THE PROBLEM. Only the lines from the one containing "Il gioco in" through the one containing "Custom Tumbler Travel" should be printed, exactly as they appear below, with both ends included.

RECORDED INFORMATION.
^^^^

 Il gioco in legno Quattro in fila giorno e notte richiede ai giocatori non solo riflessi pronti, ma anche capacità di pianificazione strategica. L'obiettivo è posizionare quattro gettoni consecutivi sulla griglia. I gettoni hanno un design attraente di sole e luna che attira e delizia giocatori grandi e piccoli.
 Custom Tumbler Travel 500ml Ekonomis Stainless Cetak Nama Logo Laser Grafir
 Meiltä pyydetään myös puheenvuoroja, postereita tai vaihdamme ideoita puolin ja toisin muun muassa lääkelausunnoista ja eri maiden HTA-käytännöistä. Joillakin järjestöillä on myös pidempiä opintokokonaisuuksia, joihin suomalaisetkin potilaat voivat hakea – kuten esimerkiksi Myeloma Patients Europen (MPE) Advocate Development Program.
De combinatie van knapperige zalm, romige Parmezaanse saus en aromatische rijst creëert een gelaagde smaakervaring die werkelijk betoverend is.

^^^^

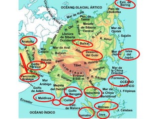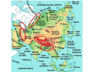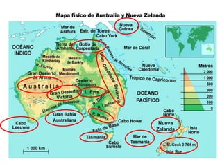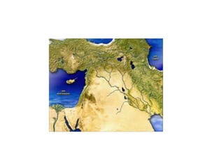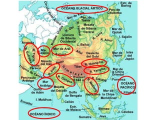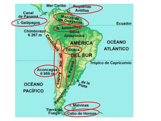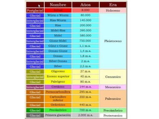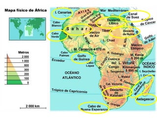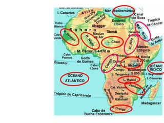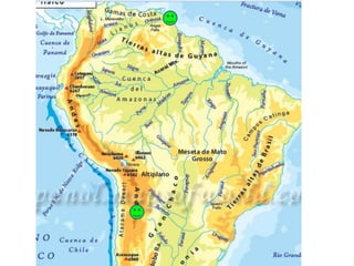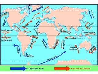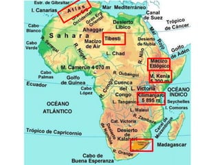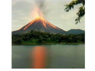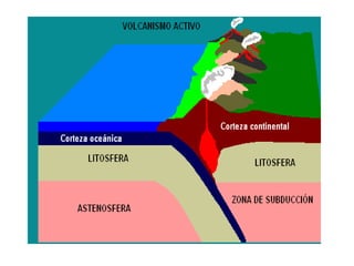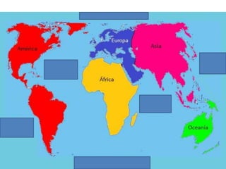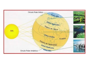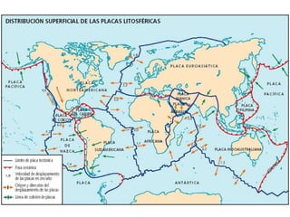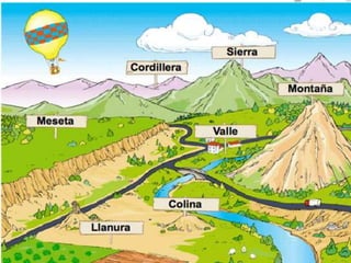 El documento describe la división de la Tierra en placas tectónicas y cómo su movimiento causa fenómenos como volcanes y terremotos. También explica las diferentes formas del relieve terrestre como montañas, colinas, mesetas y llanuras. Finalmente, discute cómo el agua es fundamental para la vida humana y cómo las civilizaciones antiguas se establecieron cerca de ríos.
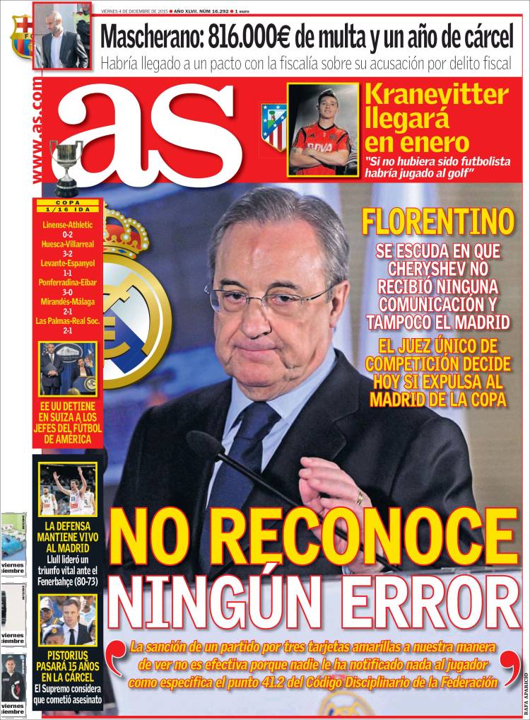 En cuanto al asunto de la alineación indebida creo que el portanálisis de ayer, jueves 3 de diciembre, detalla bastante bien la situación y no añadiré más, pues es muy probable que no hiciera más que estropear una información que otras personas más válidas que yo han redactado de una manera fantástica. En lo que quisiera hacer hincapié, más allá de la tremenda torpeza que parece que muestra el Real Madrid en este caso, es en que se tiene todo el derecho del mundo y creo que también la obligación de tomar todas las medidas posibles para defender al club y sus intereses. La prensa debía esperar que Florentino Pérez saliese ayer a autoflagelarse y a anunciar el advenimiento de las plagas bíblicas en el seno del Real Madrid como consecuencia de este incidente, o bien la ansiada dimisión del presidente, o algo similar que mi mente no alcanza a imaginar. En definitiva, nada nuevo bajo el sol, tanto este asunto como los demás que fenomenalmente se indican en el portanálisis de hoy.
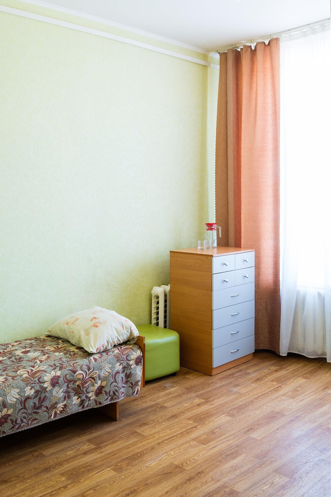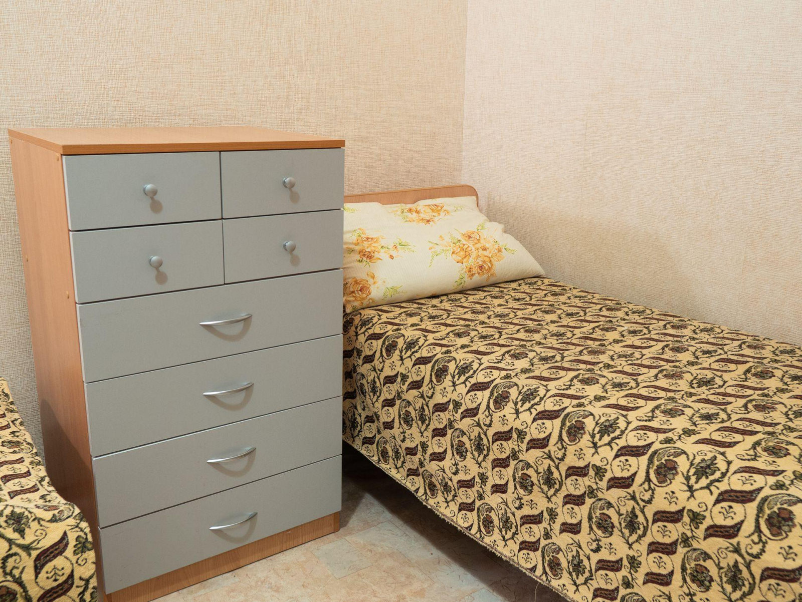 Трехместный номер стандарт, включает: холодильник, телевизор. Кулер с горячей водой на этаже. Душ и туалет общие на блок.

^^^^

ANSWER TO THIS PROBLEM.
 Il gioco in legno Quattro in fila giorno e notte richiede ai giocatori non solo riflessi pronti, ma anche capacità di pianificazione strategica. L'obiettivo è posizionare quattro gettoni consecutivi sulla griglia. I gettoni hanno un design attraente di sole e luna che attira e delizia giocatori grandi e piccoli.
 Custom Tumbler Travel 500ml Ekonomis Stainless Cetak Nama Logo Laser Grafir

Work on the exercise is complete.